Stuff I don’t like: To attempt to see the system from any perspective other than direct experience – to try and take it in conceptually, as a whole – is to alienate yourself from the system and to see it from the perspective of the rational powers, not from the embodied  consumers.  To study the production of space, then, requires giving up any chance to see the whole and only studying the stories on their own terms, which, sorry, just feels claustrophic and unnecessarily limited (though useful in the whole PoMo turn bit, for sure.)  Also, it makes me sad that these seem to be practices for surviving a utopia, not for changing it – unless he’s just being descriptive instead of normative.  He seems to take a technological determinist stance on the relationship between technological rationality and place/space.  Also, individuals are not atomized, but they are anonymous in the masses; without the potential for generalization, how are they not atomized again?  Further, it’s not like people are wholly irrational, and to classify them in binary opposition to rationality (er, technology and machines came from somewhere) is doing individuals a disservice… and may even be taking precisely the birds-eye view he so eschews.  From above, walkers in a medieval city probably look like rats in a warren; but from the perspective of the opportunistic walker, thinking on the margin, every movement she makes probably makes perfect sense.  Beware seeing people in the aggregate.

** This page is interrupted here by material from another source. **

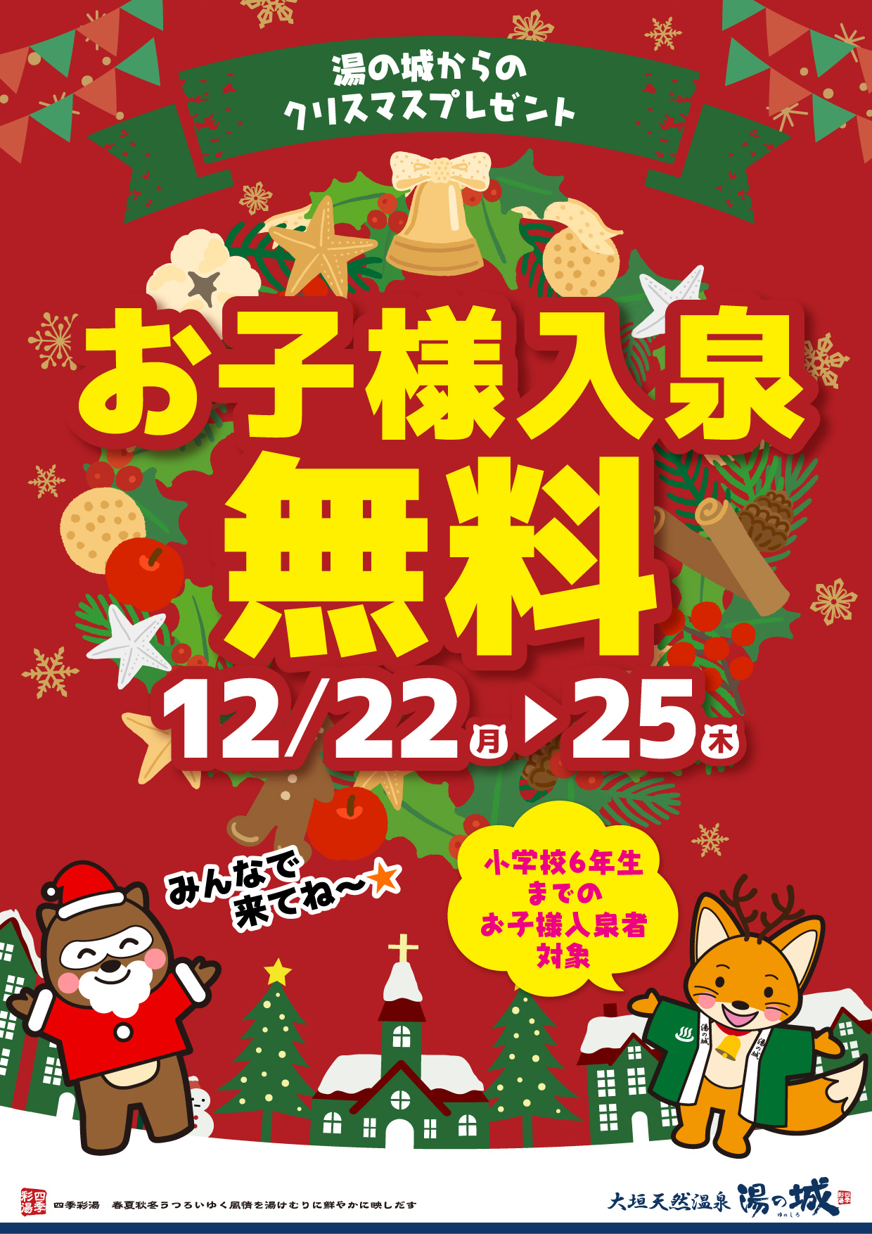 クリスマス期間中の12月22日から25日まで、小学6年生までのお子様の入泉料が無料になります。温泉施設からの特別なクリスマスプレゼントとして、ご家族皆様で湯の城をお楽しみいただけるチャンスです。

Connections: Laclau’s empty signifier, especially in the section on belief (to make people believe, offer them something and then don’t give it to them); Hardt & Negri, anything really, because they believe in the power of excess to overthrow the utopia (tho they allow for the development of capital among the oppressed).  He directs engages at length with Foucault’s Discipline and Punish, Bourdieu’s Theory of Practice, Freud (both his psychoanalysis and his more social piece, Civilization something), Durkheim, and Kant (though admittedly I didn’t read the bits on Kat or Durkheim.)  He also uses Lacan’s mirror phase bit as a way at getting at the relationship between the individual and society.  He is fascinated by the basic premise of anthropological work in Durkheim: to go somewhere else to study yourself; and although he picks on Foucault in particular for cutting out a small piece of culture (panoptics, for instance) and then inverting society so that that small piece of culture becomes the organizing principle of a social analysis, he uses it as the basis for his definition of tactic: cutting up, reassembling, creating narratives out of fragments.  I guess the point is that it is a tactic of the weak, not a strategy (which requires vision!  Of the big picture!) of the strong?

What are the implications of de Certeau’s walkers for performance?
Why is it so important to link space and language?
What cities is he talking about
How does this work fit in with other PoMo (vs post-structural theory)?